Kimberly (33:47): So those safety checks are already built into the gem that you created.
Mike (33:51): That’s correct. They’re built into the gem to make it as hard as possible for people to cross the streams and mix commingle customer data.
Kimberly (33:59): You’re making this sound very straightforward and very simple, but we also didn’t put this in Fizzy. I’m curious if we just needed more time because we’re working against a deadline or there was something else that made it not appropriate for what we were doing. Why did we not? How come it didn’t happen?

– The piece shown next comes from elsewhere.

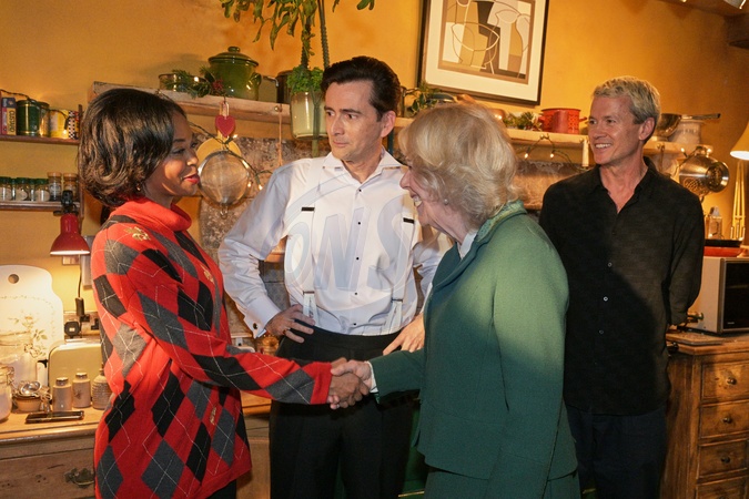 Britain's Queen Camilla, shakes hands with actor Nafessa Williams as actor David Tennant looks on during her visit to the film set of the The Rivals, in Bristol, England, Monday, Dec. 8, 2025., Credit:Anthony Upton / Avalon

Mike (34:17): Yeah, the main reason is that we ran out of time. We had everything working and there were some edge cases. If you think about going live with a global product, you want it to have automatic failover where if a machine goes down, you want everything to immediately cut over to the backup. And with the SQLite database, that becomes really interesting to do because you need to make sure that you’ve got the database file being replicated in real time to a second machine where it’s available in read only mode. And then as soon as this machine goes down, you need to have something outside cut requests over to the second machine and it go into writeable mode. So this all of a sudden becomes the primary, where it used to be a secondary or a backup machine, and that was where things, there’s, there’s a long list of edge cases there.
(35:17): There’s a phrase people use, which is emergent behavior. Complex systems have interesting emergent behavior, that is behavior that you only see in when certain weird edge cases happen or when things happen in a certain order. And what we were going through was about once a week finding a new edge case in this complicated system we had built where there’s SQLite and there’s tenanting in Rails, and that was pretty solid. That was working well, but then we needed to replicate it globally and we needed to have network routing route requests to the right place. And then we also needed failover to work properly. And making all of that work in time for the release date just didn’t happen. We just didn’t have enough time to work out all of the bugs.
Fernando (36:05): I’d be remiss if I didn’t ask this, but this work was like last year, right? Middle of last year more or less?
Mike (36:13): It was. So the multi-tenant gem was worked on mostly the first half of 2025, and then the replication and failover work was like the middle of 2025, like the summer and fall of 2025.
Fernando (36:32): So given that this is 2026, the obvious question I have to ask is do you think the amount of time would’ve been reduced had you been using AI?
Mike (36:47): Oh the AI question. I don’t, I don’t know. I don’t know. If we could get an AI, an agent that was able to do things like deploy to our staging environment, actively monitor all of the systems like simulate, it might’ve been helpful to have an agent help us with a lot of those testing scenarios.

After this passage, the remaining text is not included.